The details don’t matter, and I’ve told you more than is safe for you to know, but this building was the end of my vision. My gods led me to you, and I have to trust in them.


Her tea had long gone cold, and his mug was empty on the table, the little girl had fallen asleep with all the depth of innocence.


“That’s quite the tale, miss.”

“Yes I know.” Silence filled the room.

“I’ve got some friends, we can get your names to stand up a bit more. But we’ll be careful, I can’t imagine that he’s not looking for you.”

She gasped with disbelief, “We can stay?”

“My late Molly Jean would have my hide if I put you two back out on the street. I am not a young man, Miss Rebekah, and I plan to spend eternity with my Molly. We’ll get you squared away. You got a job yet?”

“Um… no. I don’t. I just got this far…”

“You can clean the building here for your rent, if you want. Food for you and the littl’un if you care to do some housekeeping around my place, cooking, mending, and the like.
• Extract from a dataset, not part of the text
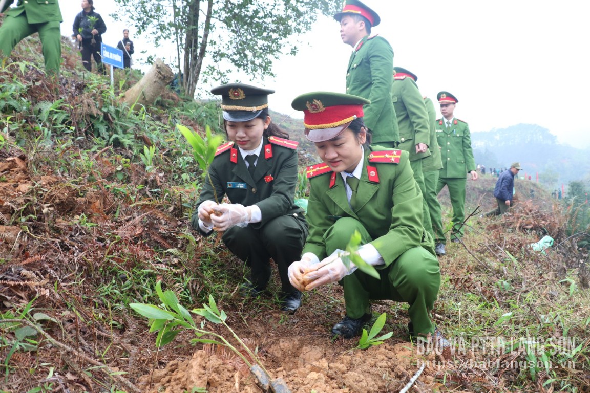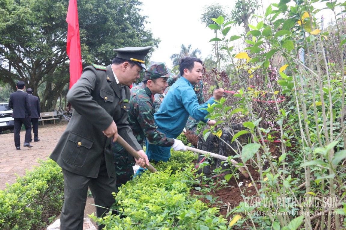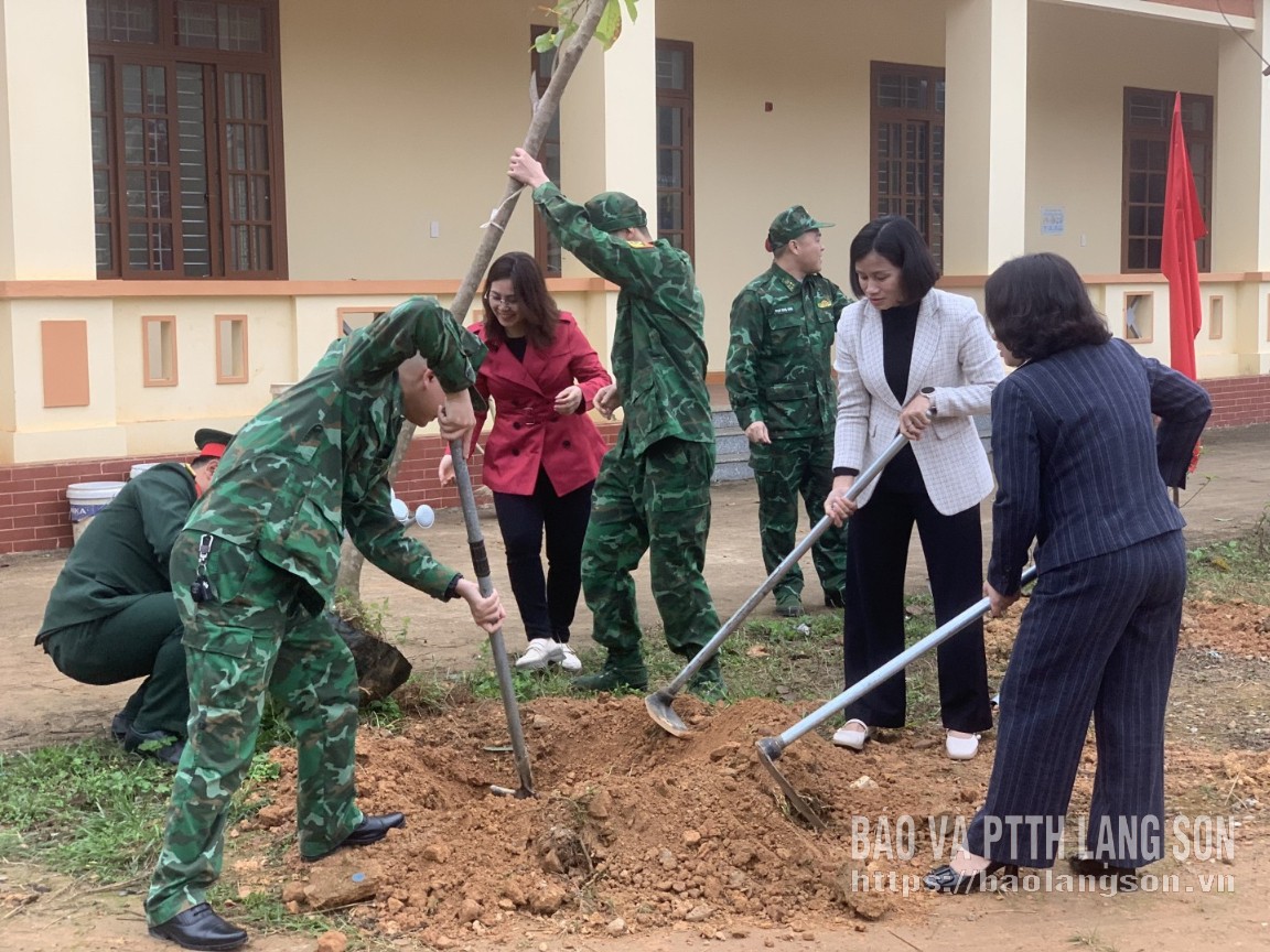 Các lực lượng trồng cây đầu xuân tại xã Đồng Đăng

When you feel up to it, or get tired of putting up with me, we’ll find you something better. I have friends who will take my word over a background check on a government database any day, and know better than to try to take advantage of a woman who don’t need the trouble.”

“Greg…”

“You’re welcome.”

“Don’t tell her, okay? She doesn’t need all this.”

“Miss, I’m not always the sharpest tool in the shed, but I know better than to get between a lion and her cubs.”